- [Aim of the exercise]: Every line below must come back exactly as it stands, with the images omitted.

- [Data excerpt]:
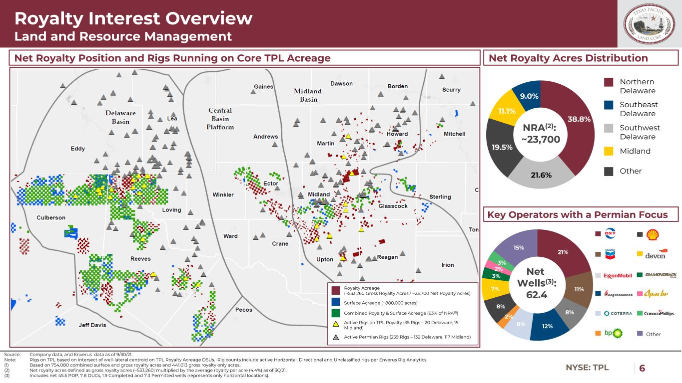 | 5NYSE: TPL 64%6% 30% Unique Exposure to Full Permian Development Chain Ownership of right of way Ownership of groundwater and subsurface injection rights High margins with no capital Surface Provides ease of access TPL Business Overview Business Flow Overview Maximize Surface Ownership to Operate Profitable Water Business that Facilitates Development of Royalty Acreage Royalties Assets located in the core of the Permian No capex or opex burden for organic production and cash flow growth Real ownership of assets underlying cash flow generation Demand for water disposal services and locations on TPL surface has significantly out-paced the rest of the Permian Water Provides operational solutions across sourcing and disposal Disposal comprises significant portion of operator LOE Royalty stream with limited capex requirements to capture additional value = Land and Resource Management = Water Services and Operations Reporting Segments: Royalties ■ TPL owns an average 4.4% revenue interest across ~533,260 gross royalty acres in the Permian Basin SLEM ■ TPL surface generates multiple income streams from Oil & Gas activities, Renewables, Grazing and Hunting leases TPWR ■ TPWR provides brackish and treated water for well completions and facilitates produced water disposal 3Q21 TPL Revenue $124mm Allows continued development Source: Company data. Water Royalties SLEM
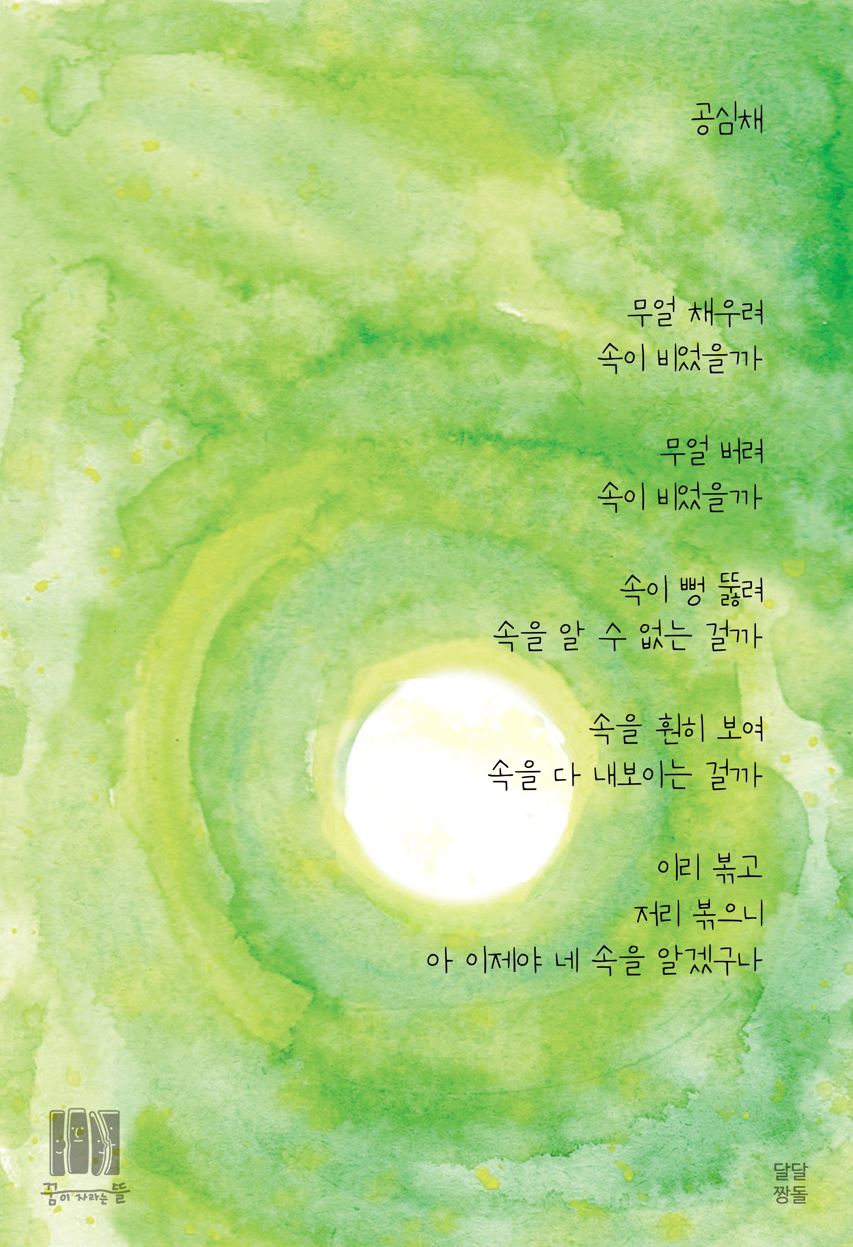 🌕 달달 • ‘공심채는 볶아먹으면 맛있다’는 생각에서 시작된 시에요. 공심채처럼 맛있게 즐겨주세요. 아직 여름이 끝나지 않아 힘드네요. 얼른 여름을 보내고 가을을 맞이하고 싶어요.
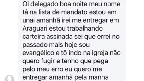 Uma situação incomum surpreendeu a Polícia Civil de Araguari (MG) na última quinta-feira (21/8). Um dos foragidos da terceira fase da Operação Aqueronte, que investiga facções criminosas atuantes no Triângulo Mineiro, decidiu se entregar voluntariamente após enviar uma mensagem direta ao delegado Fernando Storti por uma rede social.No texto, o jovem de 23 anos disse estar arrependido, relatou que havia se convertido à religião evangélica e afirmou que não pretendia mais fugir: “Hoje sou evangélico e tô indo na igreja. Tenho que pagar pelo meu erro, eu quero me entregar amanhã pela manhã”, escreveu.

- [Solution for this exercise]:
 | 5NYSE: TPL 64%6% 30% Unique Exposure to Full Permian Development Chain Ownership of right of way Ownership of groundwater and subsurface injection rights High margins with no capital Surface Provides ease of access TPL Business Overview Business Flow Overview Maximize Surface Ownership to Operate Profitable Water Business that Facilitates Development of Royalty Acreage Royalties Assets located in the core of the Permian No capex or opex burden for organic production and cash flow growth Real ownership of assets underlying cash flow generation Demand for water disposal services and locations on TPL surface has significantly out-paced the rest of the Permian Water Provides operational solutions across sourcing and disposal Disposal comprises significant portion of operator LOE Royalty stream with limited capex requirements to capture additional value = Land and Resource Management = Water Services and Operations Reporting Segments: Royalties ■ TPL owns an average 4.4% revenue interest across ~533,260 gross royalty acres in the Permian Basin SLEM ■ TPL surface generates multiple income streams from Oil & Gas activities, Renewables, Grazing and Hunting leases TPWR ■ TPWR provides brackish and treated water for well completions and facilitates produced water disposal 3Q21 TPL Revenue $124mm Allows continued development Source: Company data. Water Royalties SLEM
 🌕 달달 • ‘공심채는 볶아먹으면 맛있다’는 생각에서 시작된 시에요. 공심채처럼 맛있게 즐겨주세요. 아직 여름이 끝나지 않아 힘드네요. 얼른 여름을 보내고 가을을 맞이하고 싶어요.
 Uma situação incomum surpreendeu a Polícia Civil de Araguari (MG) na última quinta-feira (21/8). Um dos foragidos da terceira fase da Operação Aqueronte, que investiga facções criminosas atuantes no Triângulo Mineiro, decidiu se entregar voluntariamente após enviar uma mensagem direta ao delegado Fernando Storti por uma rede social.No texto, o jovem de 23 anos disse estar arrependido, relatou que havia se convertido à religião evangélica e afirmou que não pretendia mais fugir: “Hoje sou evangélico e tô indo na igreja. Tenho que pagar pelo meu erro, eu quero me entregar amanhã pela manhã”, escreveu.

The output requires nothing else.